Viel Erfahrung für eine schwierige Lage in Münster

Die Entscheidung für Alois Schwartz passt zu der sportlichen Situation, in der sich Preußen Münster derzeit befindet. Der neue Trainer bringt reichlich Erfahrung aus schwierigen Konstellationen mit und hat in seiner Laufbahn mehrfach Mannschaften in angespannten Phasen übernommen. Der Verein verweist darauf, dass Schwartz in der 2. Bundesliga bereits 222-mal als Cheftrainer an der Seitenlinie stand. Stationen hatte er unter anderem beim 1. FC Nürnberg, beim Karlsruher SC, beim SV Sandhausen und bei Hansa Rostock. Zuletzt war er beim 1. FC Saarbrücken tätig. Für Münster ist diese Erfahrung nun der zentrale Faktor, denn nach dem 1:3 gegen Magdeburg ist der SCP in der Tabelle weiter unter Druck geraten und auf den letzten Platz zurückgefallen. Gerade deshalb setzt der Club nun erkennbar auf eine Lösung, die sofort Stabilität, klare Abläufe und Ruhe in die entscheidenden Wochen bringen soll. Dass Schwartz bereits am Mittwoch offiziell vorgestellt wird und direkt danach die erste Einheit leitet, zeigt, dass der Verein keine Zeit verlieren will.
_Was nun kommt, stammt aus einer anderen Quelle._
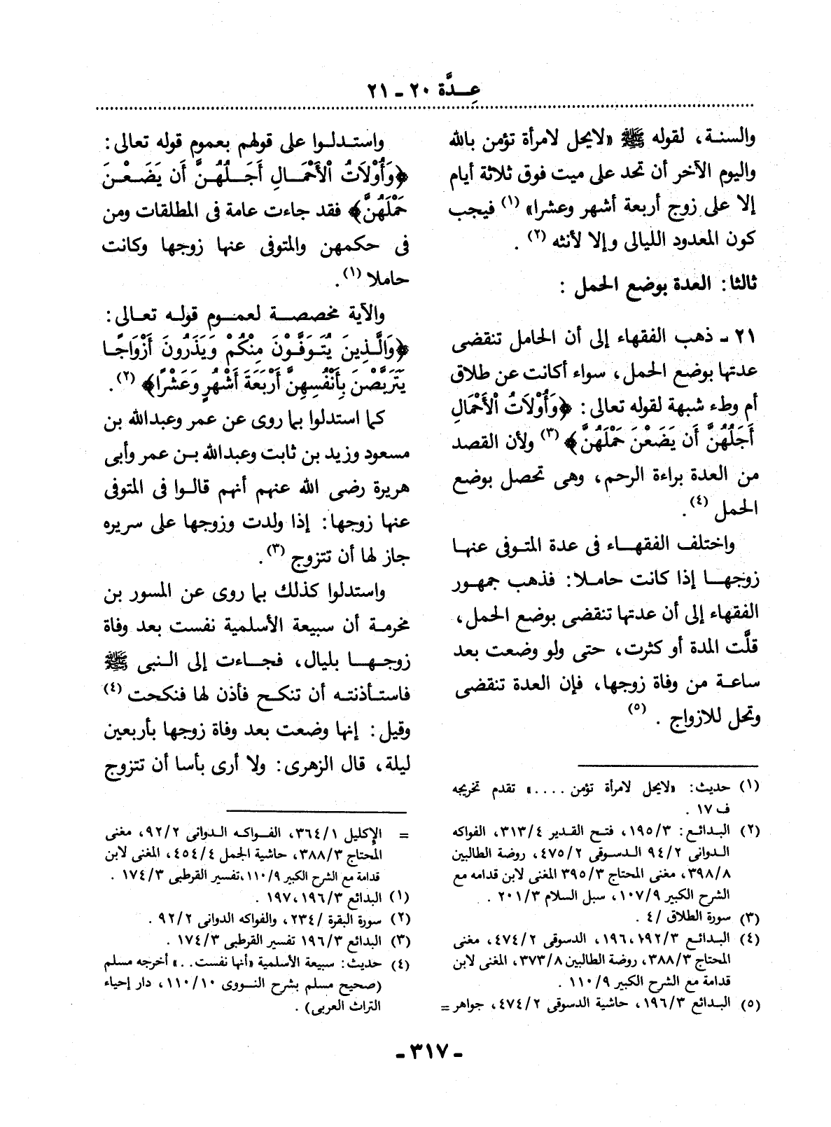 (5) البدائع 3 / 196، حاشية الدسوقي 2 / 474، جواهر الإكليل 1 / 364، الفواكه الدواني 2 / 92، مغني المحتاج 3 / 388، حاشية الجمل 4 / 454، المغني لابن قدامة مع الشرح الكبير 9 / 110، تفسير القرطبي 3 / 174.
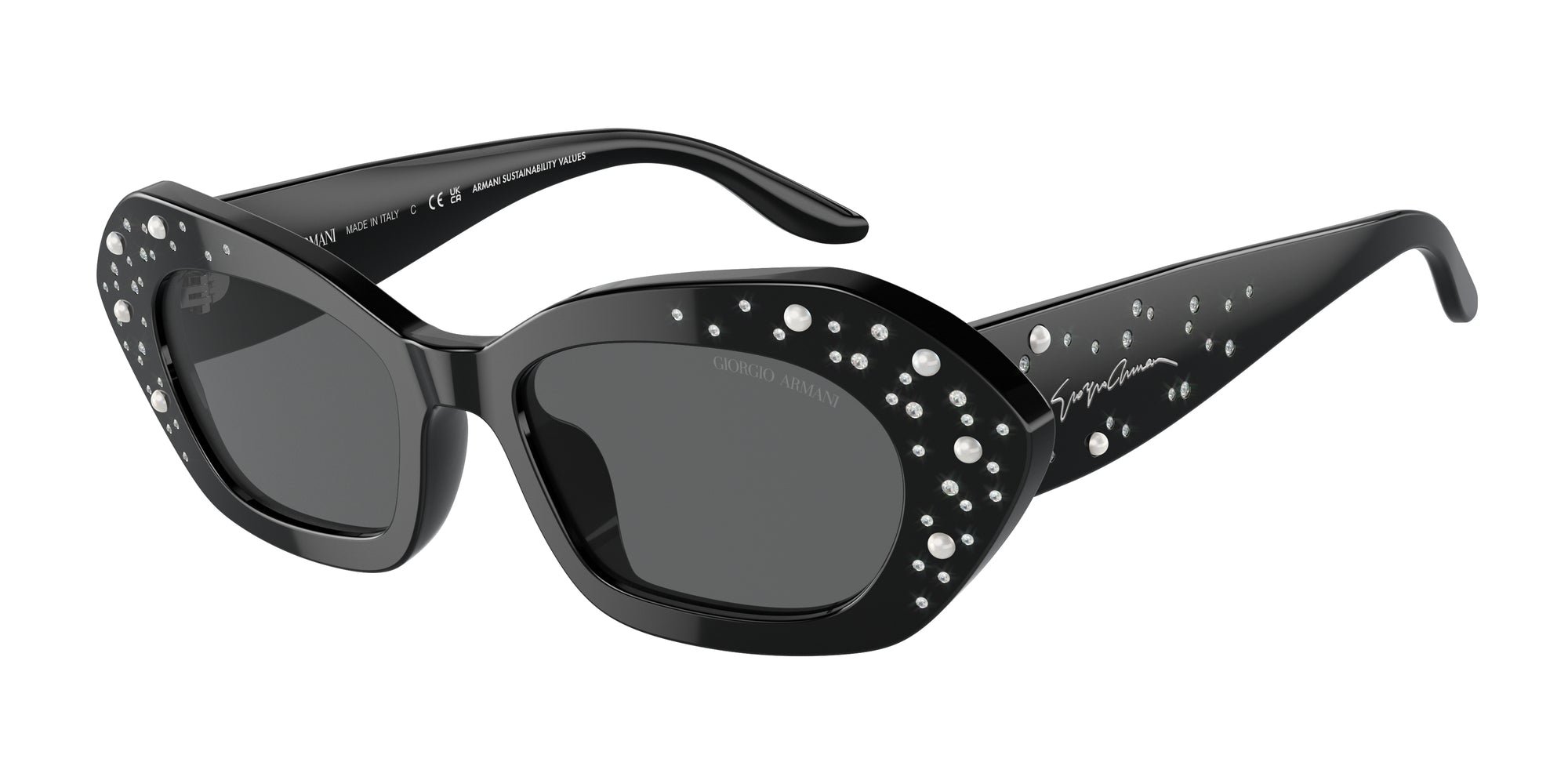 Giorgio Armani Femme Giorgio Armani AR8213BU 5001B1 Lunettes de soleil Acétate Noir Gris Cat Eye Normale
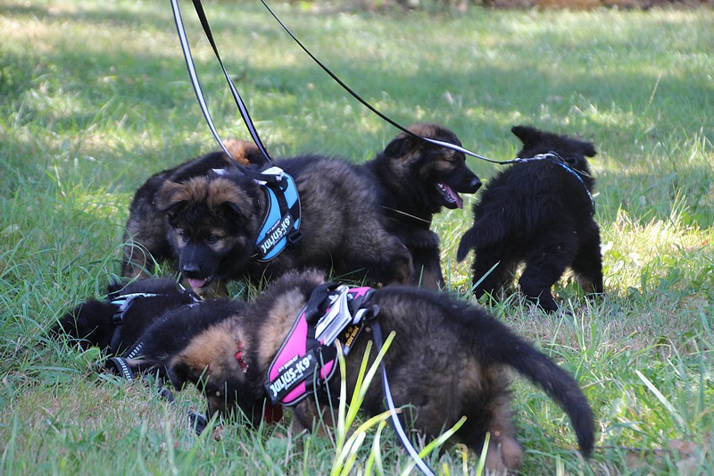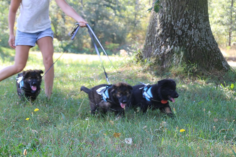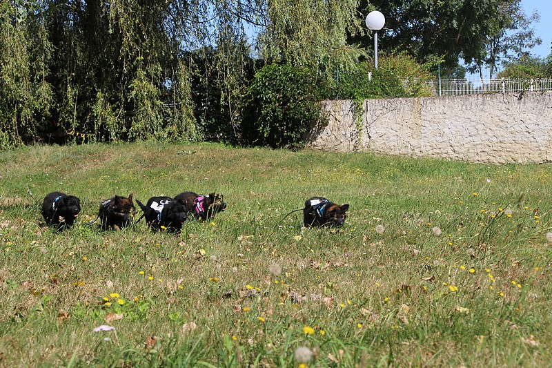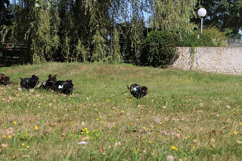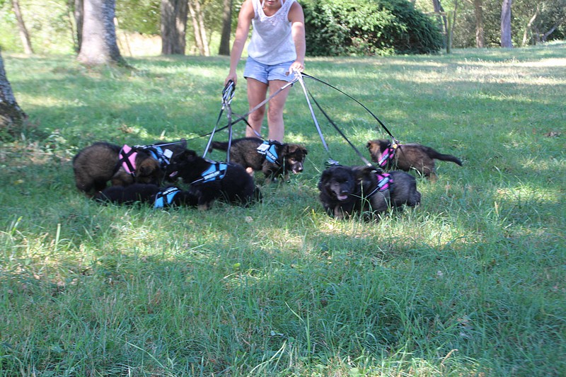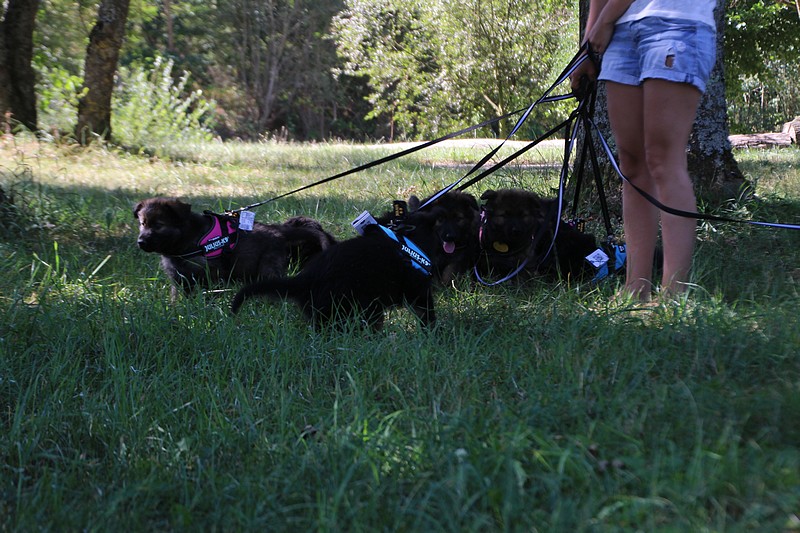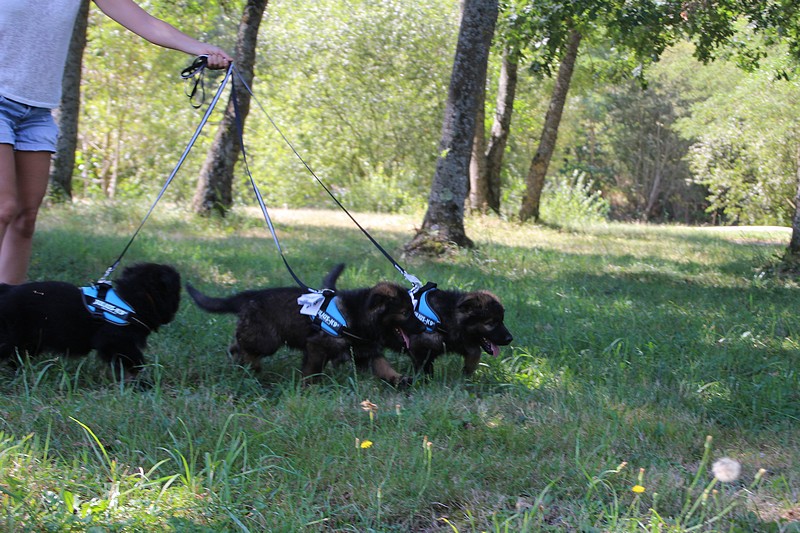 Nous avons reçu nos petits harnais et nos laisses, c’est ce qui va nous permettre de pouvoir nous promener en toute sécurité dans les endroits à risque, car nous n’avons pas besoins d’être attaché pour être lié à l’humain, nous sommes de vrais petites pots de colle et les premiers essais de marche en laisse ont été bien drôles!

So geht es für Preußen Münster jetzt weiter

Für Preußen Münster beginnt mit der Verpflichtung von Alois Schwartz nun unmittelbar die nächste Phase im Abstiegskampf. Nach Angaben des Vereins wird der neue Cheftrainer am Mittwochvormittag vorgestellt und am Nachmittag bereits erstmals mit der Mannschaft auf dem Platz stehen. Unterstützung erhält er von Kieran Schulze-Marmeling und Janis Hohenhövel, die als Co-Trainer an Bord bleiben sollen. Schon am Donnerstag folgt dann die erste Bewährungsprobe, wenn der SCP ein Testspiel gegen den TSV Havelse bestreitet. Die Partie findet aus organisatorischen Gründen ohne Zuschauer statt. Sportlich ist die Richtung damit klar: Münster will die verbleibenden Tage der Länderspielpause nutzen, um vor den letzten sieben Zweitliga-Spielen neue Impulse zu setzen. Die Freistellung von Alexander Ende hatte der Verein am 16. März nach dem 0:6 bei Dynamo Dresden bekanntgegeben. Seither lief die Vorbereitung zunächst unter dem Interimsteam. Mit der nun getroffenen Entscheidung setzt der Club auf einen erfahrenen Trainer, der ohne lange Anlaufzeit übernehmen soll. Ob dieser Wechsel den gewünschten Effekt bringt, wird sich sehr schnell zeigen, denn viel Zeit für Korrekturen bleibt Preußen in dieser Saison nicht mehr.